KARACHI: The Securities and Exchange Commission of Pakistan (SECP) has proposed a regulation that would allow foreign investors to buy shares of the Pakistan Stock Exchange (PSX) – the company – that is listed on the bourse.
The proposal comes after stock market brokers, who have a 40% stake in the company (PSX), were long demanding the regulator to lift the ban on ‘foreigners’ participation’ in its day-to-day trade, arguing that when they can trade in any of the listed companies then why not in PSX shares.
The SECP has proposed to allow foreign investors to ‘collectively’ acquire or hold a maximum 10% of the issued shares and, if it finds it appropriate, the limit can then be expanded to 20%. The regulator has invited public comments on the proposals by December 19, 2017. For this purpose, the SECP has proposed amendments in the Stock Exchanges (Corporatisation, Demutualisation and Integration) Regulations, 2012.
“In regulation (43) of the regulations,- (a) Clause (i) shall be replaced with the following: “ (i) foreign persons, other than foreign anchor investors, shall not collectively, whether directly or indirectly, acquire or hold more than ten percent of the total issued share capital of the Exchange.
Provided that the Commission may, if it deems fit in the interest of capital markets, increase the limit of shareholding for foreign persons, other than foreign anchor investors, to 20% of the total issued share capital of the Exchange,” SECP said in a notification proposing the amendments.”
Earlier this year, a Chinese consortium acquired a 40% stake (320 million shares) at Rs28 per share in the PSX, which translated to around $85 million, through competitive bidding in January.
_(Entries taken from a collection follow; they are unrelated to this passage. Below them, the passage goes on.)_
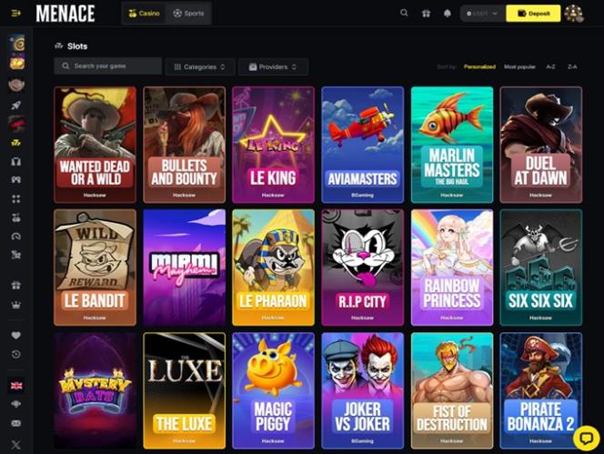 ستكون عملية التسجيل في Menace King بسيطة وسريعة، وبعدها يمكنك توقع معاملات دفع سريعة، وحزمة كازينو ترحيبية، ودعم فني على مدار الساعة، ومكافآت كبار الشخصيات، ومكافآت وعروض مميزة أخرى. كل هذا كان كافيًا لترك انطباع أولي ممتاز، لذا سنستكشف عروض الكازينو بمزيد من التفصيل، وندعوك لمتابعتنا!
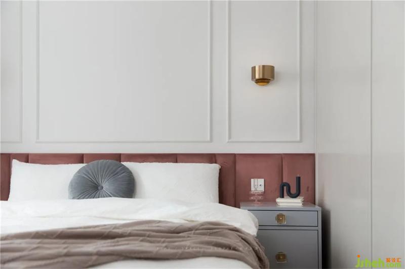 主臥用了一個(gè)偏暖棕色的臟粉色軟包做滿床頭,搭配不同的奶灰色,淺灰色,局部點(diǎn)綴金色,空間溫暖而精致。
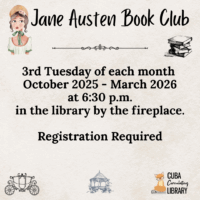 Dear Reader, join us as we honor the beloved author Jane Austen by reading all of her novels—in order! Experience her wit, romance, and keen observations of society from Sense and Sensibility to Persuasion. The club will meet Tuesdays, Oct. …
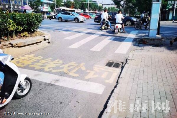 淮河早報、淮南網(wǎng)記者在該路口東南角看到,在由南往北方向的非機動車道上,一個半小時內(nèi),非機動車行駛在該路口后,遇到等紅燈時,很少有主動停在施劃的停車線內(nèi)等候的,很多非機動車輛都“習慣性”地涌向路口。有的是行駛至路口后看到綠燈結(jié)束,就直接停在路口;有的則是看到是紅燈了,依然越過停車線,停在路口的斑馬線上;在非機動車多的時候,很多都圍在路口邊,有的甚至停在了直行和轉(zhuǎn)彎車輛行駛經(jīng)過的地方。
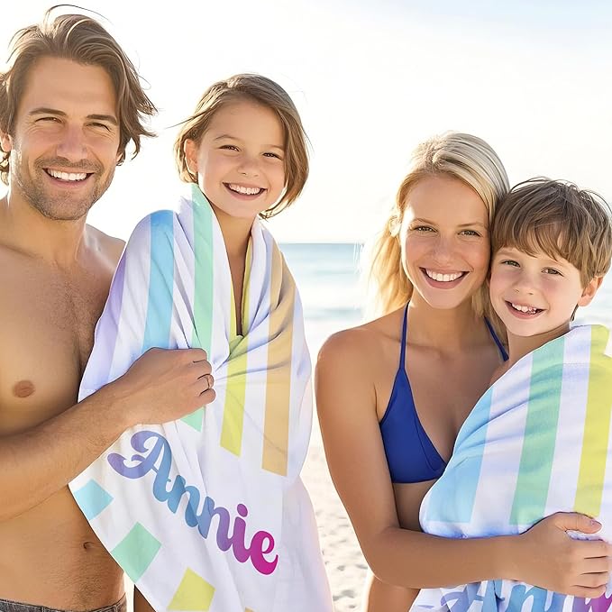 - Perfect Gift for Water Lovers: Whether it's for birthdays, summer vacations, Easter,Mother's Day,or just because, this personalized beach towel makes a delightful gift for swimmers, beach lovers, and sunshine chasers. Surprise your kids, partner, families, or friends with a unique and practical present they'll use all season long
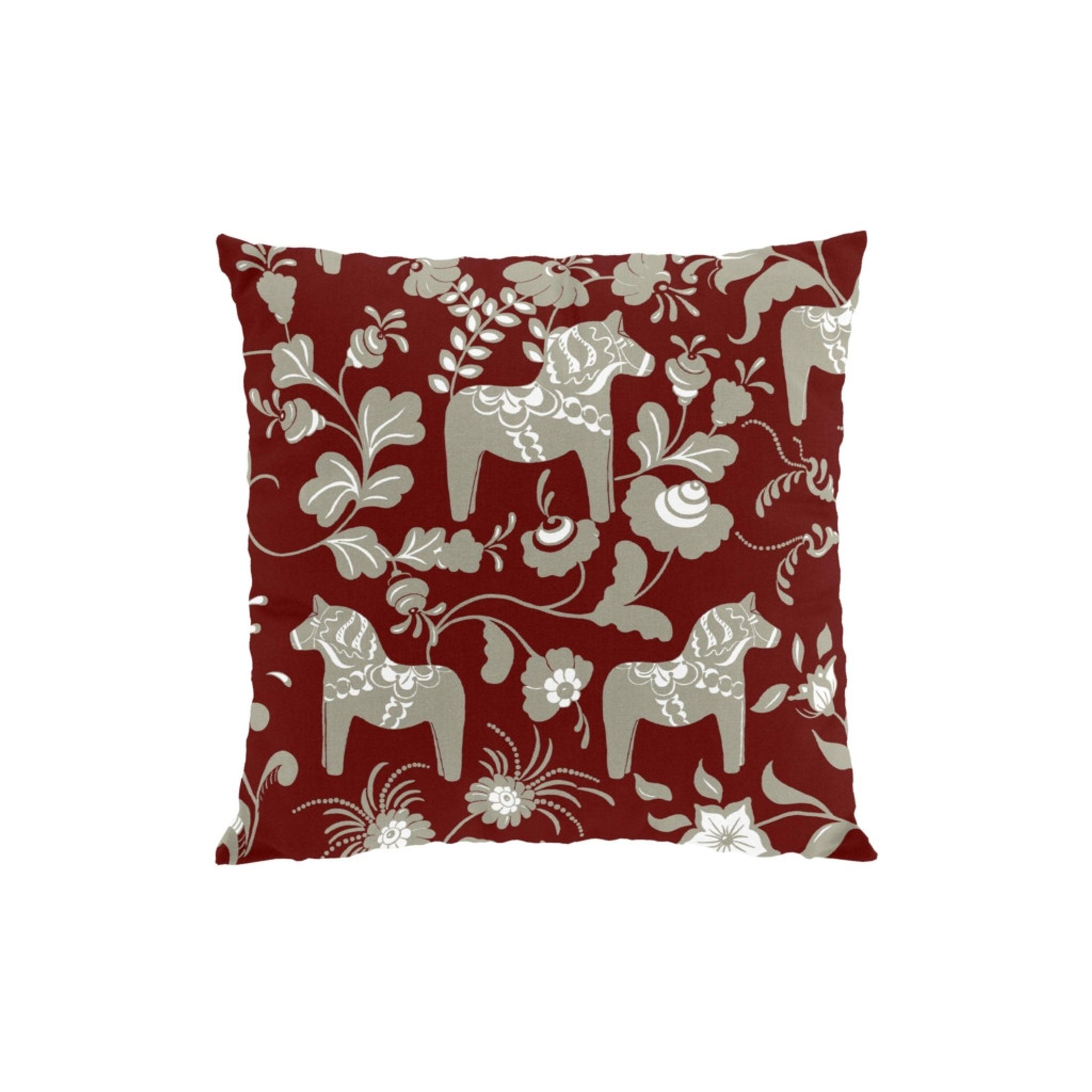 Nusnäs röd kuddfodral från Arvidssons Textil erbjuder ett klassiskt Nusnäs-mönster i röd bakgrund med beige detaljer. Tillverkat i 100% bomull och designat av Carola Bengtsson Malmström för en nordisk, tidlös stil.
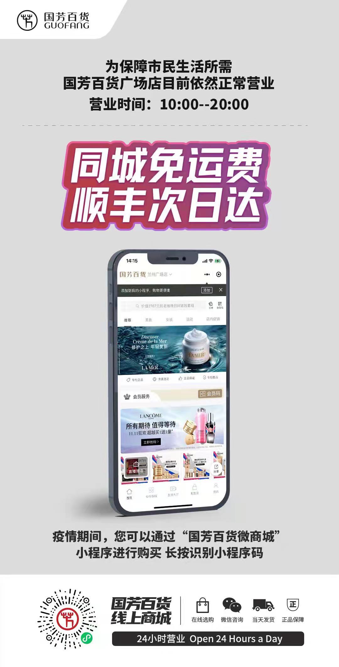集團公司旗下國芳百貨積極響應政府部門號召,采取全員居家辦公形式,呼吁顧客免外出、免接觸,通過國芳線上商城進行商品購買,同時增加直播平臺推廣量,保證安全的基礎上滿足顧客居家購物需求。國芳百貨全體員工努力在特殊的疫情環(huán)境下,為顧客解燃眉之急,想顧客之所想,急顧客之所急!
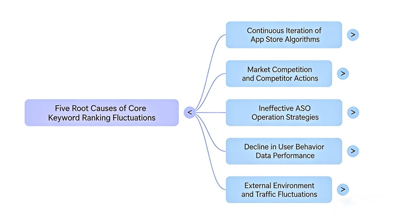 Предоставляется глубокий анализ ключевых факторов, вызывающих колебания позиций ключевых слов в ASO, включая корректировки алгоритмов, динамику конкурентов и собственную операционную деятельность, а также предлагается реализуемая систематизированная стратегия, способствующая долгосрочной стабильности и росту позиций ключевых слов приложения.
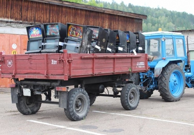 В Красноярском крае бульдозером раздавили игровые автоматы

During the outgoing calendar year, the PSX management sold another 20% (160 million shares) to the general public through book building. However, the PSX’s share price failed to go over the proposed floor price of Rs28.
Its share price closed at Rs17.46 with a gain of 5.24%, or Rs0.87, with a volume of 326,000 shares on Wednesday.
Separately, the PSX had earlier also proposed to widen the upper and lower limits of share price fluctuation to a maximum 15% from the existing 5%. In addition, it has also proposed to halt trading at the PSX in case the ‘KSE 30 Index’ touches the limit of 15% at any point of time.
A high-ranked official explained the proposals were made “to attract liquidity instead of making the market more volatile.”
Such proposals are being made at a time when the benchmark KSE 100 Index has dropped over 26% from its all-time high on May 24, 2017.